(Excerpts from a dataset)
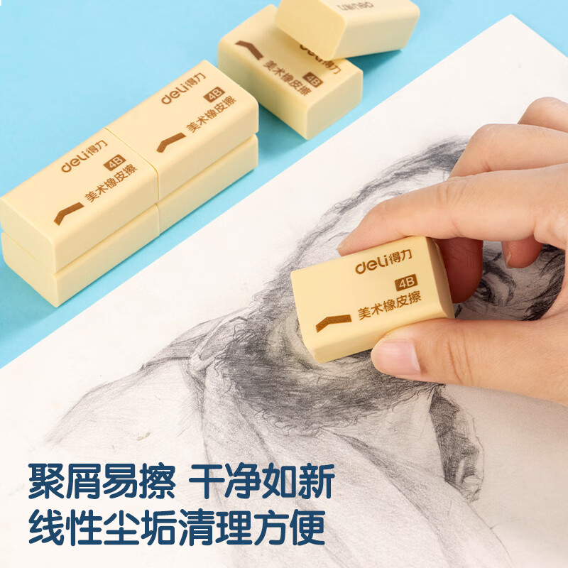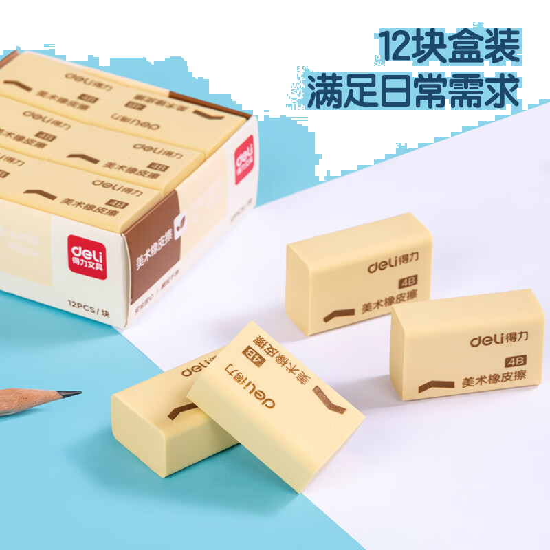 得力(deli)橡皮擦4B 适用活动铅笔 12块大号装 中考高考学生学习用品 黄色 考试美术绘图橡皮开学文具
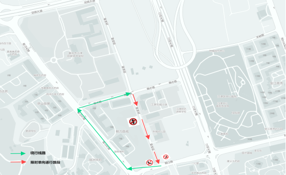 學校開學行課期間,每日上午7:30—8:30、下午16:40—17:50實施限時單向通行(學校假期除外)。
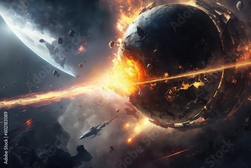 The watermark will not be included on Poster.: Space war human and alien in outer space for star colony - distinct generative ai image -
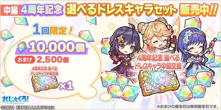 また、ドレス衣装の「マスター・サフィー」「ジル・ド・レ」「リトリー」が登場する4周年記念ドレスキャラガチャも開催中です。
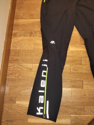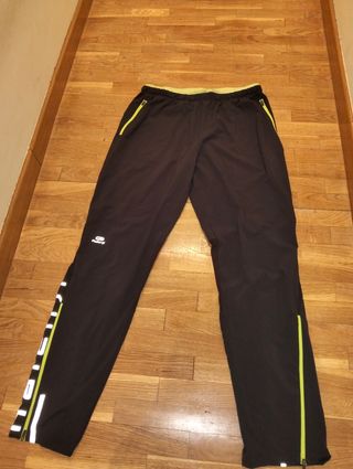 Pantalón de running Kalenji (Decathlon) Color negro con cremalleras verdes. Con bolsillos con cremallera y bajos con apertura para poner/quitar zapatillas fácilmente. Detalles reflectantes para mayor visibilidad. En muy buen estado, apenas usado.
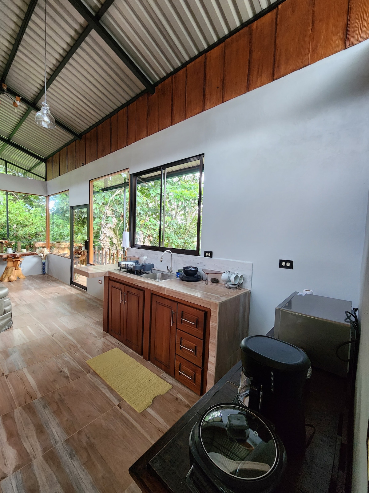 Apartamento tipo estudio de alta gama con una gran terraza con vistas al río. Ubicado en un exuberante jardín tropical, con acceso privado al río y varios estanques. Date un chapuzón o elige la piscina de inmersión. Ideal para escapadas románticas, observación de aves y relajarse después de largas caminatas. Cuenta con cocina completa, aparcamiento privado e internet de alta velocidad. Cerca del sendero de Chirripó y de la reserva natural de Cloudbridge, varios restaurantes y un pequeño supermercado a poca distancia a pie.
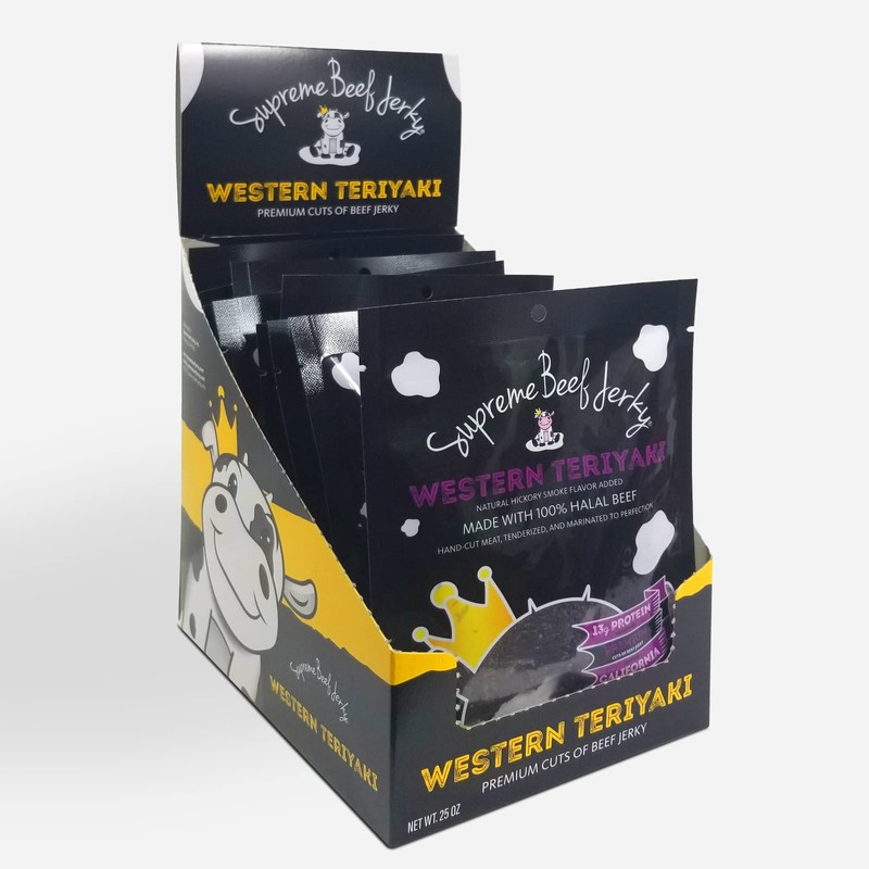 Supreme Beef Jerky, Halal Beef Jerky, Handcrafted Gourmet Meat Snacks, 10-Pack (2.5 oz bags) Western Teriyaki, Brown
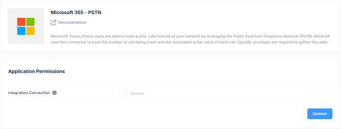 In the Block 64 portal, navigate to Integrations →Microsoft 365 PSTN and click Connect.
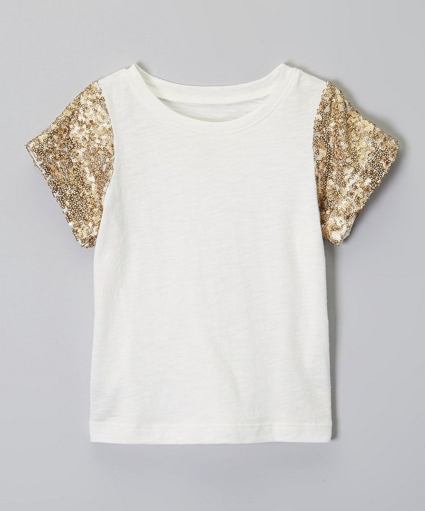 - Des appliques colorées, des perles et des détails fluorescents sont placés sur les T-shirts et les T-shirts pour enfants.
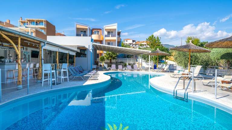 Das Sunray Hotel in Limenaria ist die ideale Wahl für einen erholsamen Strandurlaub. Die Studios bieten einen herrlichen Blick auf das Meer oder den Pool und sind geschmackvoll eingerichtet. Genießen Sie traditionelle Speisen im hoteleigenen Restaurant und entspannen Sie auf der Sonnenterrasse oder am Strand. Kostenlose Parkplätze und WLAN runden das Angebot ab.

▸ GOAL OF THE EXERCISE
Please transcribe exactly the lines from the start of the records through the line containing "また、ドレス衣装の「マスター", leaving the pictures out.

▸ PROBLEM SOLUTION
 得力(deli)橡皮擦4B 适用活动铅笔 12块大号装 中考高考学生学习用品 黄色 考试美术绘图橡皮开学文具
 學校開學行課期間,每日上午7:30—8:30、下午16:40—17:50實施限時單向通行(學校假期除外)。
 The watermark will not be included on Poster.: Space war human and alien in outer space for star colony - distinct generative ai image -
 また、ドレス衣装の「マスター・サフィー」「ジル・ド・レ」「リトリー」が登場する4周年記念ドレスキャラガチャも開催中です。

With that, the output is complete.